TBO
First of all, I have to mention this >>>> my first response to a TBO question and poem to boot. I consider it a privilege but long overdue.
I really like this poem. Very well done. Since you did not ask for a critique, and mine are really for learning purposes, I will respectfully respond to your question only.
What do you feel from MY POEM? I feel that in many ways I can identify with it. The person in this poem to me is one that had a chance and actually did experience some happiness in Christmas but was primarily obviated by drinking. For me, in was pornography and isolation - that being more important than family, and celebrating the birth of my Lord and Savior Jesus Christ.
Does this person in the poem remember a Christmas. (By the way, I just cannot say Happy Holiday. I am not happy during that time, but I am Merry, as in Merry Christmas. I do apologize to the minority that will disagree with me and probably hate me for it, but sorry, I can't help the feeling I get during Christmas)
Which brings me, TBO, to the one Christmas I can remember vividly.

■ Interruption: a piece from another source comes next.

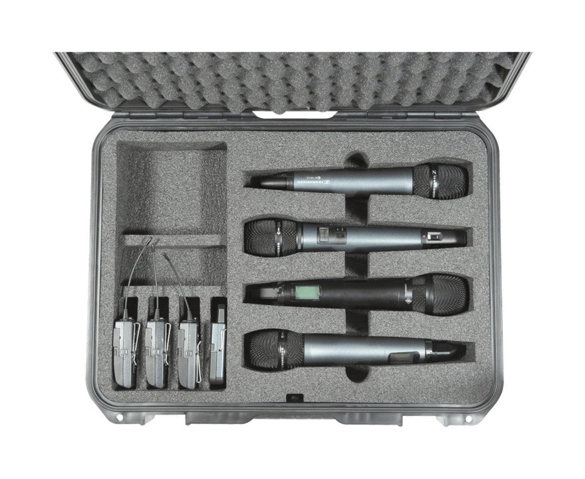 The custom foam interior is designed to cradle each mic and will fit up to four handheld wireless microphones, four wireless body pack transmitters and accessories. Convenient finger holes to quickly grab the microphone and easily slide in the body pack transmitters.

I did two things: 1) I worked almost all day long, by myself, alone in a large office 2) I then went home, by myself, isolated myself, did not talk to anyone, and immersed myself in pornography and masturbation. I did little or no thought in The Lord and birth of Jesus.
Imagine that, the Christmas I remember most is the one that I was the saddest.
Holidays aren't for Everyone? The second question you have >>> I agree here on two points. One, as already explained, to me this is not Holiday time but Christmas time. I understand there is some celebration of other faiths near Christmas, and there are those who do not believe, therefore we need to understand and tolerate that feeling, so now, we have "Holiday Trees" instead of Christmas trees. Again, I am sorry, but until Atheist become the majority in this country, I will respect any American as a person during Christmas, but for God's sake, this is Christmas time and Christmas spirit. I am also aware this is not the actual date of Jesus birth, but is celebrated Dec 25.
Two, as I have plainly experienced, Holiday's (Christmas) is not for everyone because one may not be in a place to witness and experience love, peace and grace, to give and receive love, to be joyful. The one Christmas I remember, the saddest one, you could have placed me in the middle of a family gathering and it would have made no difference. I would have displaced my anger, fear, and loathing of anyone who got in my way, so I could be back with my porn.
So TBO, awesome poem. It provokes a lot of feeling from me, and I am sure it has with others as well.
Keep up the great work of Poetry, and thank you personally for your help.